**Directions for this task:**
If pictures appear among the lines below, leave them out while you return exactly the lines from the one with "Муниципальная бюджетная организация" through the one with "- Áo thun ngắn".

**Records supplied:**
━━━━━━━━━━━━━━━━━━━━
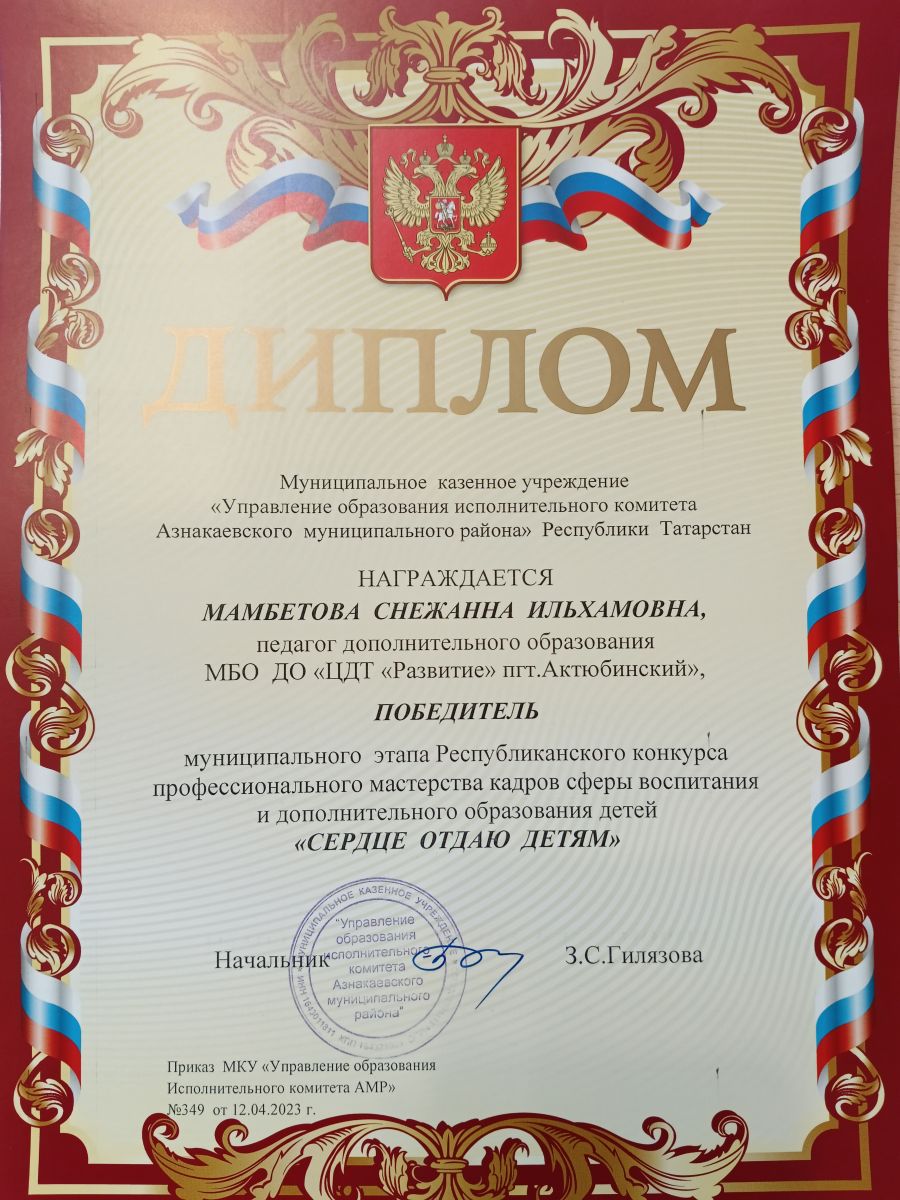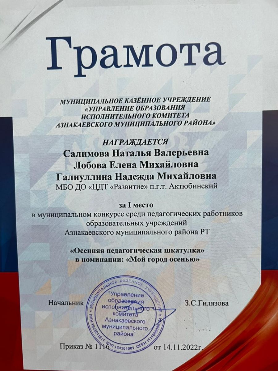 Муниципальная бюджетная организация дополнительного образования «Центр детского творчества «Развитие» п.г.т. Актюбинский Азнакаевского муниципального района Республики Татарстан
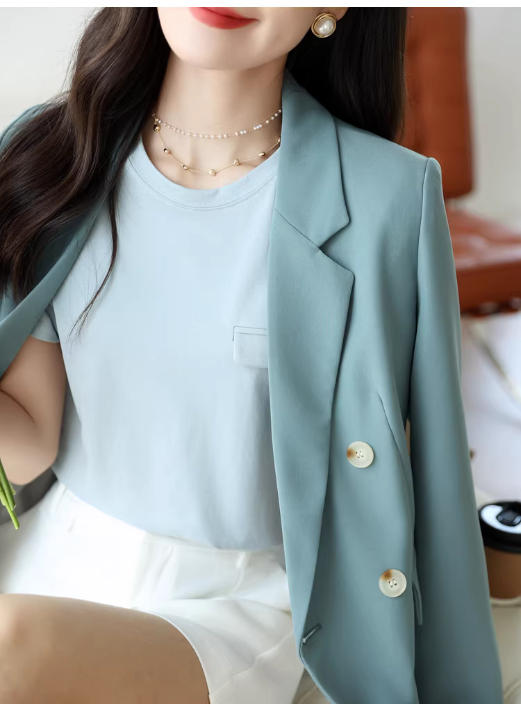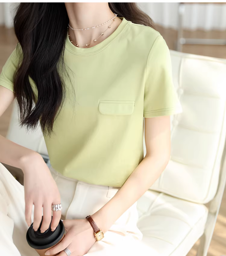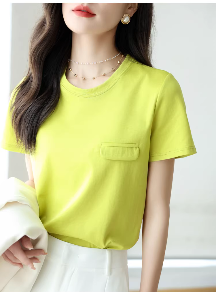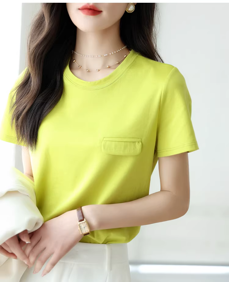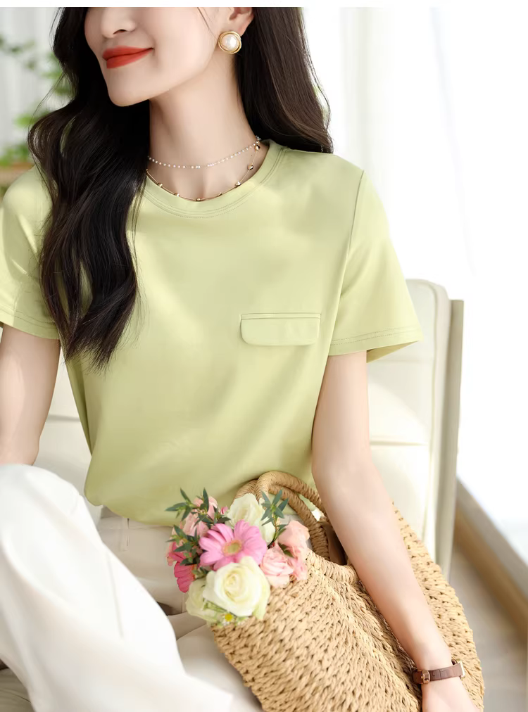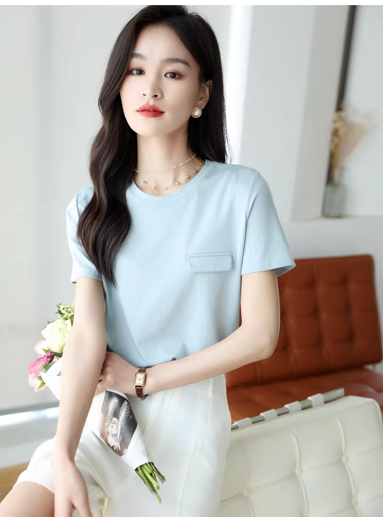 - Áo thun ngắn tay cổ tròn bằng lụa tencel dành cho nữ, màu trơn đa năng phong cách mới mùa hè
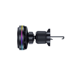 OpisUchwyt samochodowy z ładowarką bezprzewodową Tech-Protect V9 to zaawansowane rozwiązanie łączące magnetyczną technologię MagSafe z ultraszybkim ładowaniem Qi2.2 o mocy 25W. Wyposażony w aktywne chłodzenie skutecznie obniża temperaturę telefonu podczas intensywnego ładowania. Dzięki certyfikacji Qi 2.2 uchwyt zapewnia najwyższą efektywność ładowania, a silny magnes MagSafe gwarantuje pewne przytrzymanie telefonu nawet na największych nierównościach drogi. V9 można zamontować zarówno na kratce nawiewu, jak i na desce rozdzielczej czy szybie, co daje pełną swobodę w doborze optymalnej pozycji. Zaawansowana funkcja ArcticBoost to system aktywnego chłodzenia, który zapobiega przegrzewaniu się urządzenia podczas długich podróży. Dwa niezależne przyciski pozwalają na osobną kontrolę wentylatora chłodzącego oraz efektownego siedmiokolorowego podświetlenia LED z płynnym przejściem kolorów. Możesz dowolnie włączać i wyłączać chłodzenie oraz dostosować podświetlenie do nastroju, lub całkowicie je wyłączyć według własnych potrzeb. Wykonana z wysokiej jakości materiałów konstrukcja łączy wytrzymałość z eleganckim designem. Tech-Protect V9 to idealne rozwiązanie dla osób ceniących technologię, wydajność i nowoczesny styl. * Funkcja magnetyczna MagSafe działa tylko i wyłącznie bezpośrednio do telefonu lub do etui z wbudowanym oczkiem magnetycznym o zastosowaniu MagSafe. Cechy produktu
━━━━━━━━━━━━━━━━━━━━
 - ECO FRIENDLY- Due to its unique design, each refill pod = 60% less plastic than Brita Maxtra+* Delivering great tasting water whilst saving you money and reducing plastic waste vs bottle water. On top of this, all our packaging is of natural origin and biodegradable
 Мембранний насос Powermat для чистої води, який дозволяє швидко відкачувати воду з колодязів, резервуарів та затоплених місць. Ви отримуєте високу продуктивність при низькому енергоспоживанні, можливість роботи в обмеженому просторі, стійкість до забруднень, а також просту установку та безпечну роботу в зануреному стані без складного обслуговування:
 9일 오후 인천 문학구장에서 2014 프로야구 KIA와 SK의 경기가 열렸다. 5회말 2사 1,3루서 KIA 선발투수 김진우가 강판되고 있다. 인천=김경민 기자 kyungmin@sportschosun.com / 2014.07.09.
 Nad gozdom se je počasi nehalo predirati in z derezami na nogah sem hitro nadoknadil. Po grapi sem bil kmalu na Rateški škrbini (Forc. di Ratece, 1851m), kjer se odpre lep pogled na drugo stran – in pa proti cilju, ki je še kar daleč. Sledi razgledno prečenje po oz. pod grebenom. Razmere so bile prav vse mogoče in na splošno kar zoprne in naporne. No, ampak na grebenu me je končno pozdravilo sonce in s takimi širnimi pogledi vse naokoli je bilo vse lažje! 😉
━━━━━━━━━━━━━━━━━━━━
**The answer:**
 Муниципальная бюджетная организация дополнительного образования «Центр детского творчества «Развитие» п.г.т. Актюбинский Азнакаевского муниципального района Республики Татарстан
 - Áo thun ngắn tay cổ tròn bằng lụa tencel dành cho nữ, màu trơn đa năng phong cách mới mùa hè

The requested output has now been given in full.